Coding Style¶
MolPy follows a "clean, explicit, type-driven" coding style designed to make the library easy to read, test, and extend.
This guide provides detailed coding standards and best practices for contributors.
Core Principles¶
1. Explicit Over Implicit¶
Prefer clear, explicit code over clever tricks:
Good:
def calculate_distance(pos1: np.ndarray, pos2: np.ndarray) -> float:
"""Calculate Euclidean distance between two positions."""
diff = pos1 - pos2
return np.sqrt(np.sum(diff ** 2))
Bad:
def calc_dist(p1, p2):
return np.linalg.norm(p1 - p2) # Unclear what p1, p2 are
2. Predictable Behavior¶
Avoid hidden state and side effects:
Good:
def merge_frames(frame1: Frame, frame2: Frame) -> Frame:
"""Merge two frames into a new frame."""
merged = Frame()
# ... merge logic
return merged
Bad:
def merge_frames(frame1: Frame, frame2: Frame) -> None:
"""Merge frame2 into frame1 (modifies frame1)."""

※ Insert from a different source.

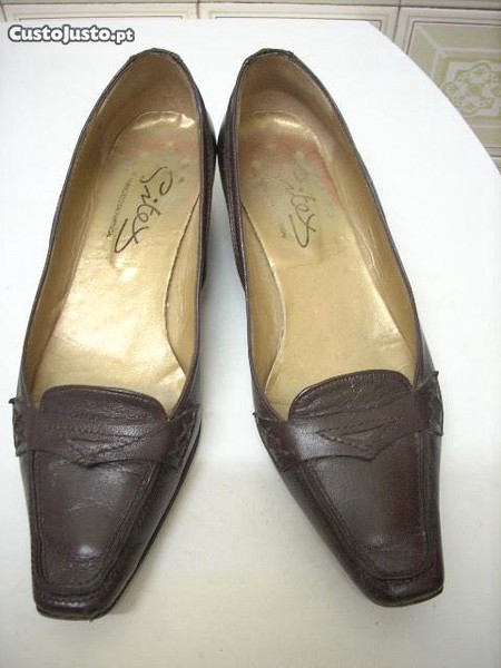 Sapatos cunha para senhora, marca Sitex, em pele, cor castanho e N. 36.

# Modifying input arguments is surprising
frame1.blocks.update(frame2.blocks)
3. Type Safety¶
Use type hints everywhere:
Good:
from typing import Sequence
def process_atoms(
positions: np.ndarray,
masses: Sequence[float],
box: Box | None = None
) -> dict[str, np.ndarray]:
"""Process atom data."""
...
Bad:
def process_atoms(positions, masses, box=None):
"""Process atom data."""
...
Python Style Guidelines¶
PEP 8 Compliance¶
Follow PEP 8 with these specifics:
- Line length: 88 characters (Black default)
- Indentation: 4 spaces (never tabs)
- Blank lines: 2 between top-level definitions, 1 between methods
- Imports: Grouped and sorted (see Imports)
Naming Conventions¶
Variables and Functions¶
Use snake_case:
atom_count = 100
bond_length = 1.5
def calculate_center_of_mass(positions: np.ndarray, masses: np.ndarray) -> np.ndarray:
...
Classes¶
Use PascalCase:
class Frame:
...
class AtomicForceField:
...
class LammpsDataReader:
...
Constants¶
Use UPPER_CASE:
DEFAULT_CUTOFF = 10.0
MAX_ITERATIONS = 1000
AVOGADRO_NUMBER = 6.022e23
Private Members¶
Prefix with single underscore:
class Frame:
def __init__(self):
self._blocks: dict[str, Block] = {}
def _validate_block(self, block: Block) -> None:
"""Private validation method."""
...
Imports¶
Organize imports in three groups, sorted alphabetically:
# 1. Standard library
import os
import sys
from pathlib import Path
from typing import Any, Sequence
# 2. Third-party packages
import numpy as np
from igraph import Graph
# 3. MolPy modules
from molpy.core import Block, Frame
from molpy.io import read_pdb, write_lammps_data
Rules:
- No wildcard imports (from x import *)
- Use absolute imports, not relative
- Import modules, not individual items (exceptions for common items)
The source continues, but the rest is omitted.